Directions:
All of the data that follows is to be written out exactly, with images excluded.

Dataset excerpt:
=-=-=-=-=
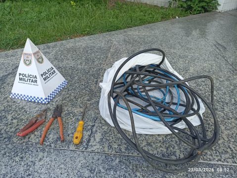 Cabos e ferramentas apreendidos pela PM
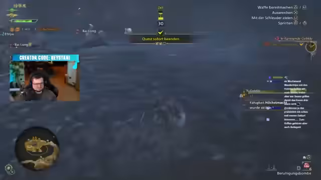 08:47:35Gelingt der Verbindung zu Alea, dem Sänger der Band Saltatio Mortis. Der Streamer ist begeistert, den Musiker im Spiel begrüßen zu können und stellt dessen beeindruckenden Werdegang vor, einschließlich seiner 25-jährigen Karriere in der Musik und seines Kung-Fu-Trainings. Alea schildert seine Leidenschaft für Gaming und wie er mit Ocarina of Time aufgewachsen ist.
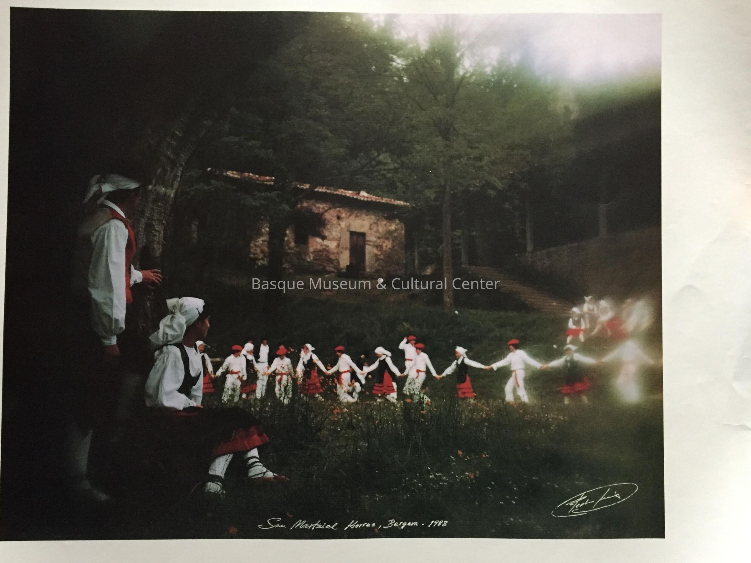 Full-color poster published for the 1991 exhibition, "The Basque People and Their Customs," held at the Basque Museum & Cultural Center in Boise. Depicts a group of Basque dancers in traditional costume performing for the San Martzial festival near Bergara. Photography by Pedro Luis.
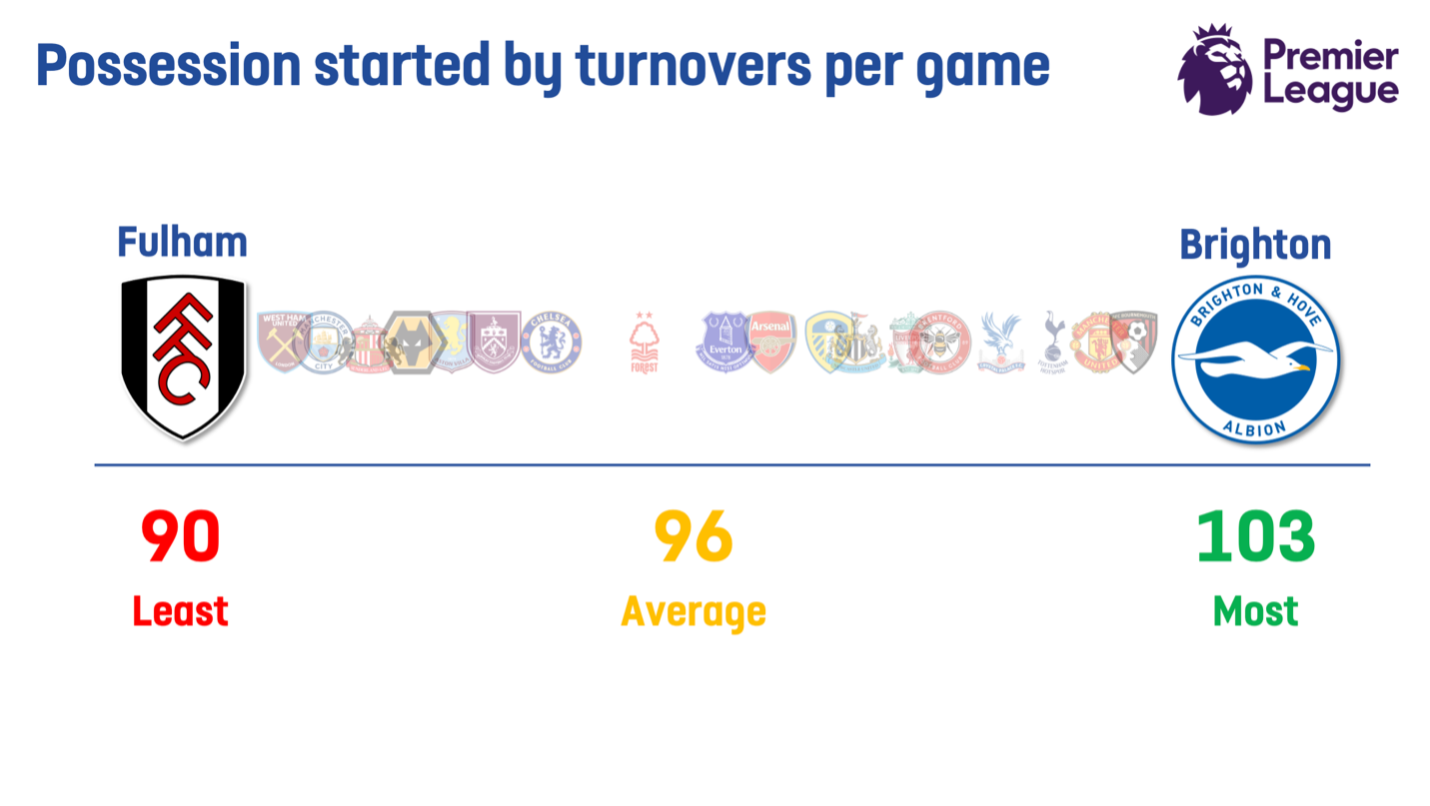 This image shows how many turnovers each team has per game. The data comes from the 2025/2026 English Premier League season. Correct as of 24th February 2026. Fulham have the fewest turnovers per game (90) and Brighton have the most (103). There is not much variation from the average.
=-=-=-=-=
Completed exercise:
 Cabos e ferramentas apreendidos pela PM
 08:47:35Gelingt der Verbindung zu Alea, dem Sänger der Band Saltatio Mortis. Der Streamer ist begeistert, den Musiker im Spiel begrüßen zu können und stellt dessen beeindruckenden Werdegang vor, einschließlich seiner 25-jährigen Karriere in der Musik und seines Kung-Fu-Trainings. Alea schildert seine Leidenschaft für Gaming und wie er mit Ocarina of Time aufgewachsen ist.
 Full-color poster published for the 1991 exhibition, "The Basque People and Their Customs," held at the Basque Museum & Cultural Center in Boise. Depicts a group of Basque dancers in traditional costume performing for the San Martzial festival near Bergara. Photography by Pedro Luis.
 This image shows how many turnovers each team has per game. The data comes from the 2025/2026 English Premier League season. Correct as of 24th February 2026. Fulham have the fewest turnovers per game (90) and Brighton have the most (103). There is not much variation from the average.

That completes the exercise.